__Material supplied__
###

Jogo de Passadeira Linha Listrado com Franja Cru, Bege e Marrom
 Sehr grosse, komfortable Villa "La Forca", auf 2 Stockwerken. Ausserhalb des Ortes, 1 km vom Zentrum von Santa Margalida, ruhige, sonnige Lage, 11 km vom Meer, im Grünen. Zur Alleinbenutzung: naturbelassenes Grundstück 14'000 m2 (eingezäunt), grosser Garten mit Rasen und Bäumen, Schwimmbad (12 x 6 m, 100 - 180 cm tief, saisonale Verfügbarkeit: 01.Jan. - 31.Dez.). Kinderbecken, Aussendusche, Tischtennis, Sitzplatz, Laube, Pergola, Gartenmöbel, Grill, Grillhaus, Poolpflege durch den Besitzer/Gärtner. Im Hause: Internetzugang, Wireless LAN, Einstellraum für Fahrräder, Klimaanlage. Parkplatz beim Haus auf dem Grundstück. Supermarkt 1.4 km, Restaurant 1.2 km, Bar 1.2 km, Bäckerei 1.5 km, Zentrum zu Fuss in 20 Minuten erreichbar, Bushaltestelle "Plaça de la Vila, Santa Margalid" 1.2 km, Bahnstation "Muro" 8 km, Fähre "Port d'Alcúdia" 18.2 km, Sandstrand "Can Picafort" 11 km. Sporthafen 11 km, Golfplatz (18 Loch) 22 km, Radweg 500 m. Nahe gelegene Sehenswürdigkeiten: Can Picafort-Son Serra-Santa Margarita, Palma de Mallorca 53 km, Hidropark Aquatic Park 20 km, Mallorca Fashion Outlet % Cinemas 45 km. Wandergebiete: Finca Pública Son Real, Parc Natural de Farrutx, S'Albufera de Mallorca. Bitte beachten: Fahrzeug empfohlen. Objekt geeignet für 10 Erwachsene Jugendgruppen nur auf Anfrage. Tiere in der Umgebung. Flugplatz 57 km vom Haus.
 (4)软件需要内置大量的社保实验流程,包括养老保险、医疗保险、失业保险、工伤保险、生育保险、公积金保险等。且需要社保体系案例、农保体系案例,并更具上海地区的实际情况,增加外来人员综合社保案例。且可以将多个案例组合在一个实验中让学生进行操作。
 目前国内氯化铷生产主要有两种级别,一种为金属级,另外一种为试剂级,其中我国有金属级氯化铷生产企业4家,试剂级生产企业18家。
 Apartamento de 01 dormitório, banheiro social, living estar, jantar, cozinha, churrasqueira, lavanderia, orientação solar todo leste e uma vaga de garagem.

###

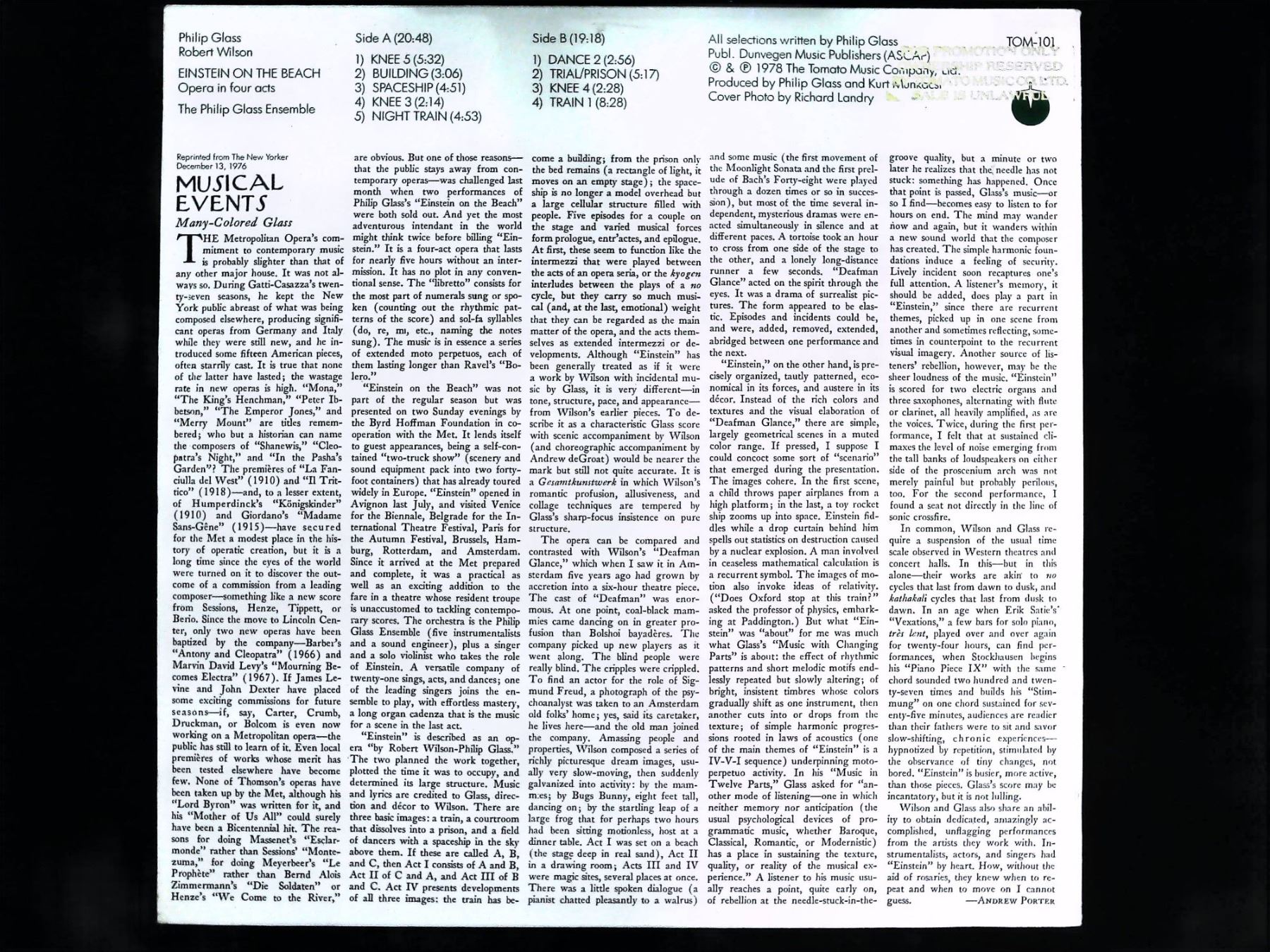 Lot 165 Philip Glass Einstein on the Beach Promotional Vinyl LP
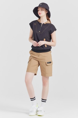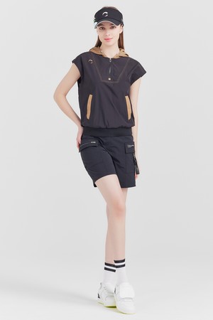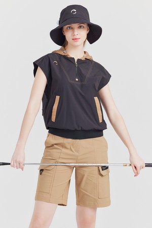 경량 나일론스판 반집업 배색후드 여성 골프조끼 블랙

###

__Problem details__
Exact copy, pictures excluded: from the line with "Lot 165 Philip" up to and including the line with "경량 나일론스판 반집업 배색후드 여성 골프조끼 블랙" in the data above.

__Answer box__
 Lot 165 Philip Glass Einstein on the Beach Promotional Vinyl LP
 경량 나일론스판 반집업 배색후드 여성 골프조끼 블랙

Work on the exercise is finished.